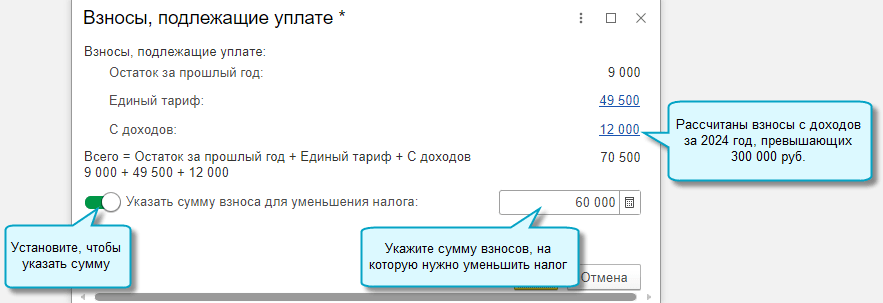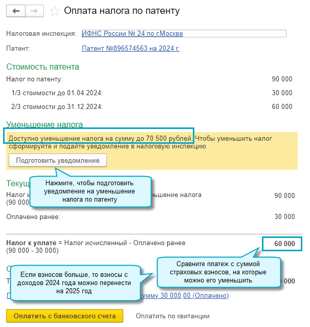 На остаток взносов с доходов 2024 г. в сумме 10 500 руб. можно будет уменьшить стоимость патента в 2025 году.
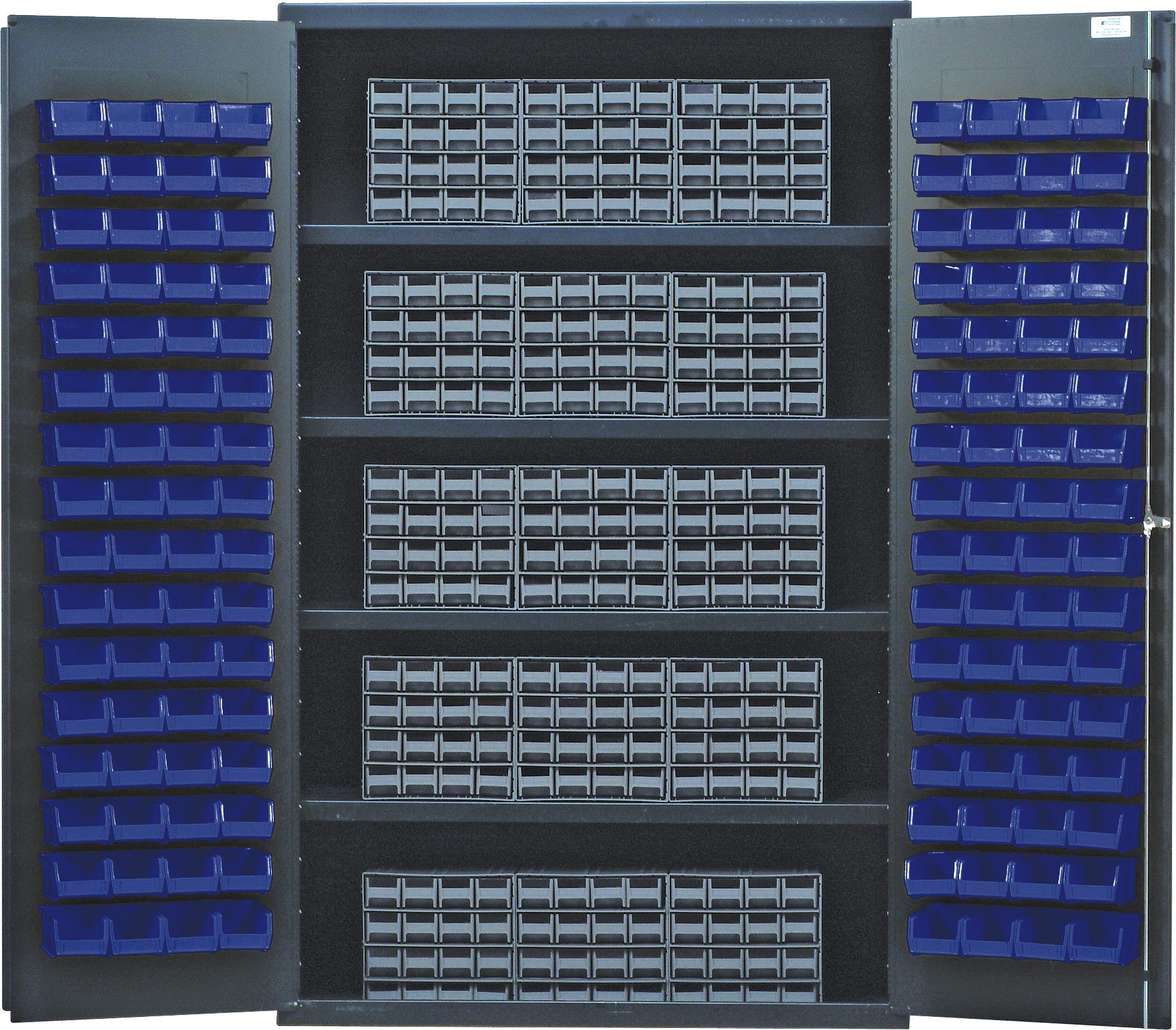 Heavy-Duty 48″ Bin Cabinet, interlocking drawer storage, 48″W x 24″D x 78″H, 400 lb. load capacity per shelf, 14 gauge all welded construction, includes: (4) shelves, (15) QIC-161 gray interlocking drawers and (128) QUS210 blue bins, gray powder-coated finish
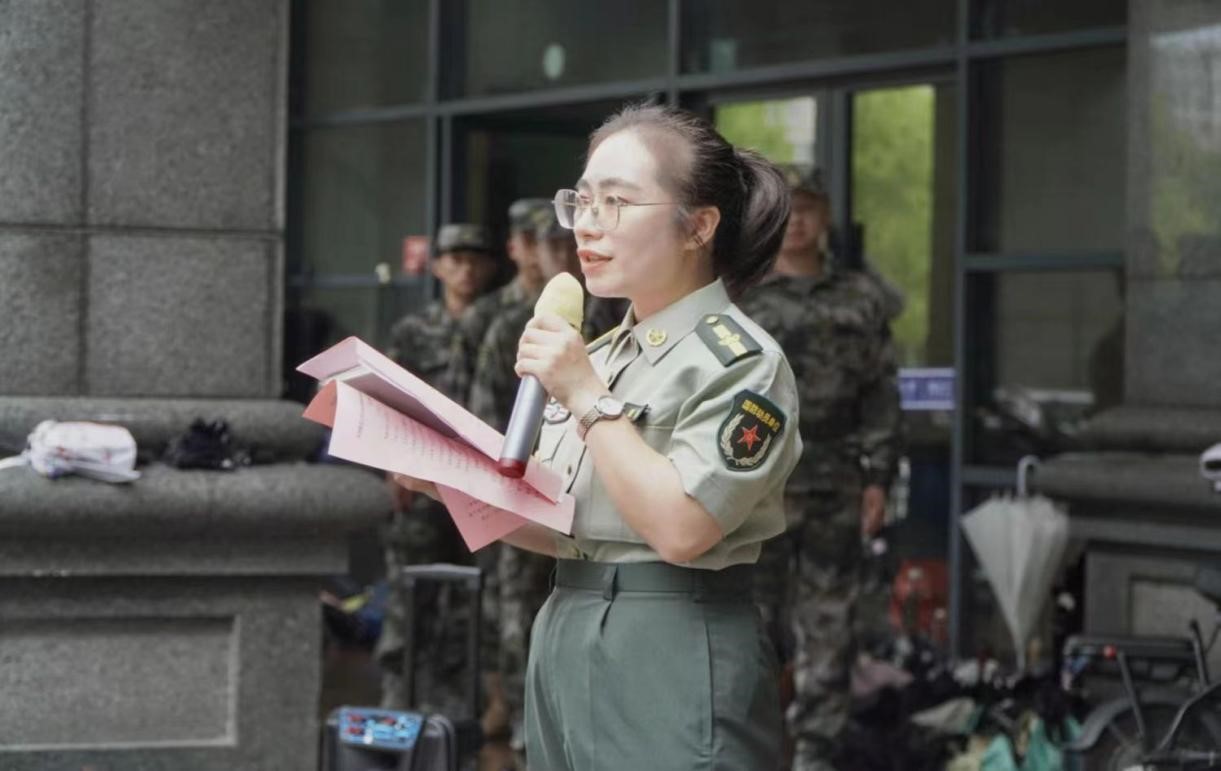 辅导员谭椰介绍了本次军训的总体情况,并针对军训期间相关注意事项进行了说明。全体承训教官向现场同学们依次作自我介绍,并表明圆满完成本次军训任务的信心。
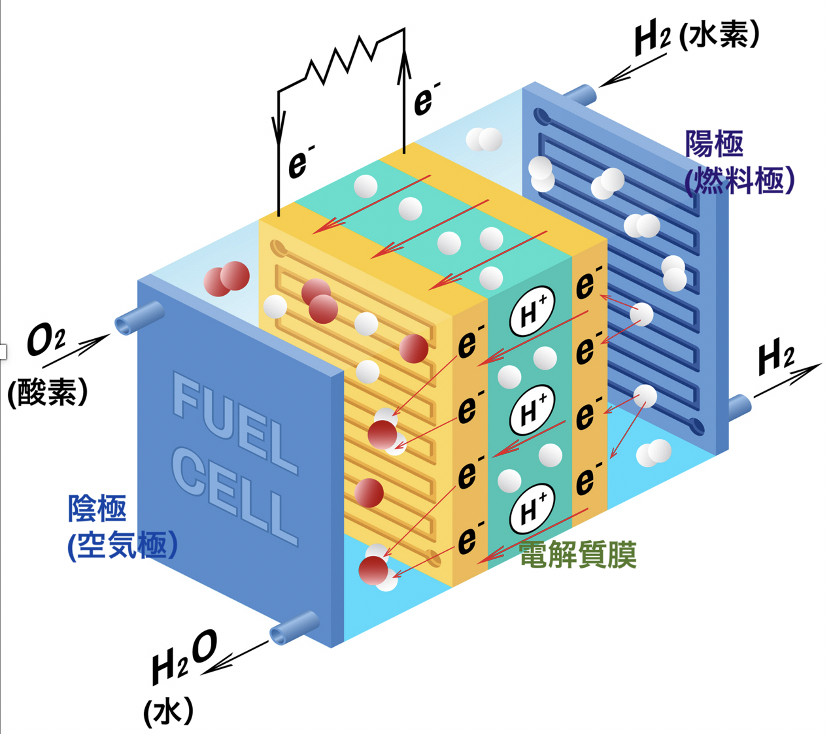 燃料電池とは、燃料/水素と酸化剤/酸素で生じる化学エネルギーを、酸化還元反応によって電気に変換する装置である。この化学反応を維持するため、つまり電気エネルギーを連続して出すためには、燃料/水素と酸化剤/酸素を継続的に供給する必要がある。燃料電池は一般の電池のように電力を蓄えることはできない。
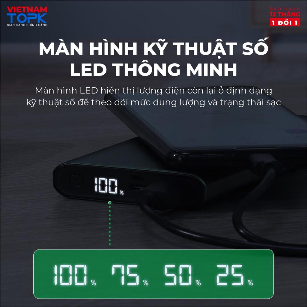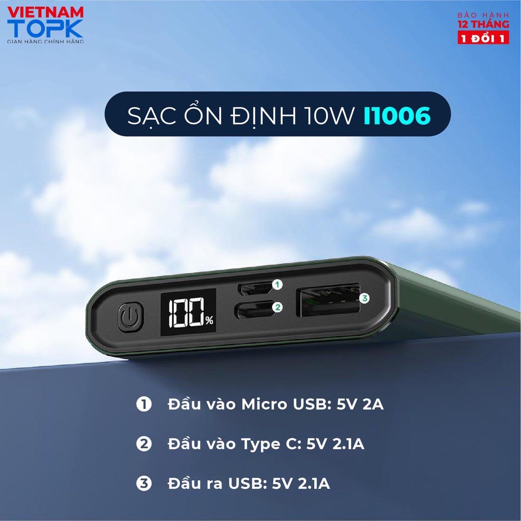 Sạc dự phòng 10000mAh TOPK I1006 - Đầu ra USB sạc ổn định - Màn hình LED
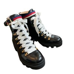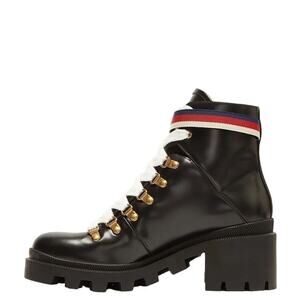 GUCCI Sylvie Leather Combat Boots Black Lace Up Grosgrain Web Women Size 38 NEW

####################

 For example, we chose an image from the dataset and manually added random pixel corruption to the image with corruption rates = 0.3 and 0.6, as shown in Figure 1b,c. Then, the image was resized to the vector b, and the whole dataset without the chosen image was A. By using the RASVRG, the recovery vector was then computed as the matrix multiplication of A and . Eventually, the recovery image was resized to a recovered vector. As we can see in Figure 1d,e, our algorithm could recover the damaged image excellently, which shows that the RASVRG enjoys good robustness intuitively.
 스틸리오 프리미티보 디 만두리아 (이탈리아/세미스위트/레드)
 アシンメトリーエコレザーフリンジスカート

####################

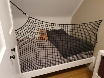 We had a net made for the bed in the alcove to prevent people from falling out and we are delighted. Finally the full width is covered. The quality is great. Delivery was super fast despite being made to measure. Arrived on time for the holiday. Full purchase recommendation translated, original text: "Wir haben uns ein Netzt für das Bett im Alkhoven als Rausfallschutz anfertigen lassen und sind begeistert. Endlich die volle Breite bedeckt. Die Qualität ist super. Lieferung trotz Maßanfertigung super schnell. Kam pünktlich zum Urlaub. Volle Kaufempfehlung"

####################

▶ _Exercise details_
Starting at the line containing "Heavy-Duty 48″ Bin" and finishing at the line containing "GUCCI Sylvie Leather", return those lines exactly as they appear above, without the pictures.

▶ _Response to the exercise_
 Heavy-Duty 48″ Bin Cabinet, interlocking drawer storage, 48″W x 24″D x 78″H, 400 lb. load capacity per shelf, 14 gauge all welded construction, includes: (4) shelves, (15) QIC-161 gray interlocking drawers and (128) QUS210 blue bins, gray powder-coated finish
 辅导员谭椰介绍了本次军训的总体情况,并针对军训期间相关注意事项进行了说明。全体承训教官向现场同学们依次作自我介绍,并表明圆满完成本次军训任务的信心。
 燃料電池とは、燃料/水素と酸化剤/酸素で生じる化学エネルギーを、酸化還元反応によって電気に変換する装置である。この化学反応を維持するため、つまり電気エネルギーを連続して出すためには、燃料/水素と酸化剤/酸素を継続的に供給する必要がある。燃料電池は一般の電池のように電力を蓄えることはできない。
 Sạc dự phòng 10000mAh TOPK I1006 - Đầu ra USB sạc ổn định - Màn hình LED
 GUCCI Sylvie Leather Combat Boots Black Lace Up Grosgrain Web Women Size 38 NEW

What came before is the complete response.